Shakti Samanta (13 January 1926 – 9 April 2009) was an Indian film director and producer, who founded Shakti Films in 1957, which is most known for films such as Anand Ashram (1977), Anusandhan /Barsaat Ki Ek Raat (1981), Anyay Abichar (1985), Howrah Bridge (1958), Insan Jaag Utha (1959), China Town (1962), Kashmir Ki Kali (1964), An Evening in Paris (1967), Aradhana (1969), Kati Patang (1971), and Amar Prem (1972), Amanush (1975).

He received Filmfare Awards for Best Film for Aradhana (1969), Anuraag (1973) and Amanush (1975), which was also made in Bengali, a language in which he made six films, including an Indo-Bangladesh joint production in 1984.

== Early life and education ==
He was born in the village of Bokra (post office: Raina), in the district of Purba Bardhaman, in the Bengal Presidency of British India. He received his education at Dehradun, staying with his uncle. He graduated in 1944 from Calcutta University.

== Career ==
After completing his education he wanted to become an actor in the Hindi film industry at Bombay, so moved closer to the city. He took a school teacher's job in Dapoli, about 200 kilometres from Mumbai. Shakti Samanta actually wanted to be a playback singer in the beginning. Around 1947, he went to S.D. Burman for an audition. After listening to him Burman told him that he could give him a role in a chorus song, but not in a solo song. So he shifted his energies elsewhere. He eventually joined the film industry in 1948 as an assistant director starting with Satish Nigam in Raj Kapoor starrer Sunhere Din, subsequently he worked with directors like Gyan Mukherjee, and Phani Majumdar at Bombay Talkies, in Tamasha, Baadbaan and Dhobi Doctor.

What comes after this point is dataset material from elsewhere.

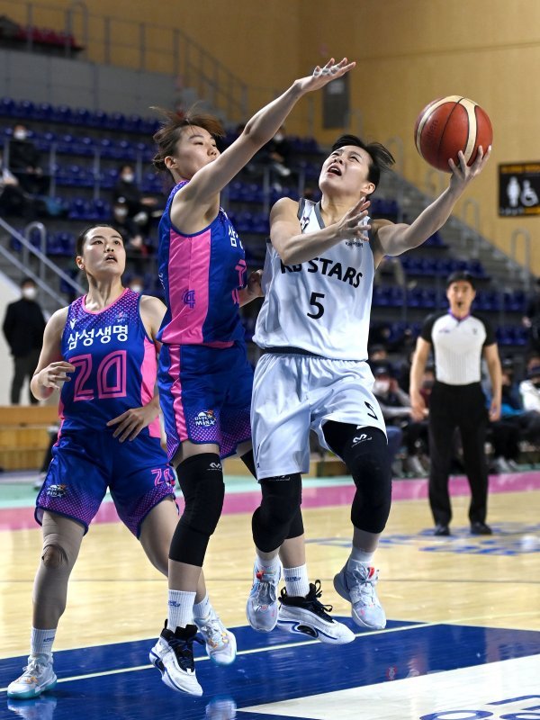 25일 용인체육관에서 열린 ‘신한은행 SOL 2022~2023 여자프로농구’ 삼성생명과 KB스타즈 경기에서 KB스타즈 심성영이 삼성생명의 수비를 뚫고 골밑을 공격하고 있다.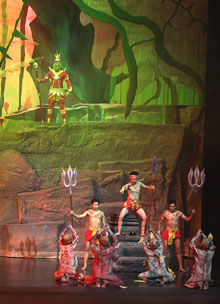เวลาเดินไปอย่างรวดเร็ว ทุกการแสดงสะกดให้หยุดมองด้วยความตะลึง นั่น..นางมณีเมขลาร่ายรำโดยใช้ลูกแก้วที่ส่องแสงเรืองรอง หลอกล่อรามสูร แล้วล่องลอยขึ้นทะยานสูงท้องฟ้าชั้นดาวดึงส์ที่มีเหล่าเทพยดาบรรเลงเพลงขับกล่อมอยู่บนสรวงสวรรค์ มาถึงตอนนี้รู้สึกเหมือนได้ดูภาพเขียนชั้นดีของเหล่าศิลปินมีชื่อ

Eventually he got his break as an independent director when Samanta directed his first feature film, Bahu in 1954, starring Karan Dewan, Usha Kiron, Shashikala and Pran and after the success for his next few films, Inspector (1956), Sheroo (1956), Detective (1957) and Hill Station (1957), he started his own production company, Shakti Films, in 1957, and the first release of his independent banner was the murder-mystery Howrah Bridge, with Ashok Kumar and Madhubala as the lead, with its crooning number 'Aaiye Meherbaan' with music by O. P. Nayyar, sung by Asha Bhosle in a notable Geeta Dutt style, and picturised on Madhubala became a rage, and the film a breakthrough hit; this was a turning point. With Insaan Jaag Utha (1959) starring Sunil Dutt and Madhubala, he wanted to shift to making films on social themes, but when it was unsuccessful, he shifted back to making entertainers for another decade, for returning to social themes, with Aradhana (1969).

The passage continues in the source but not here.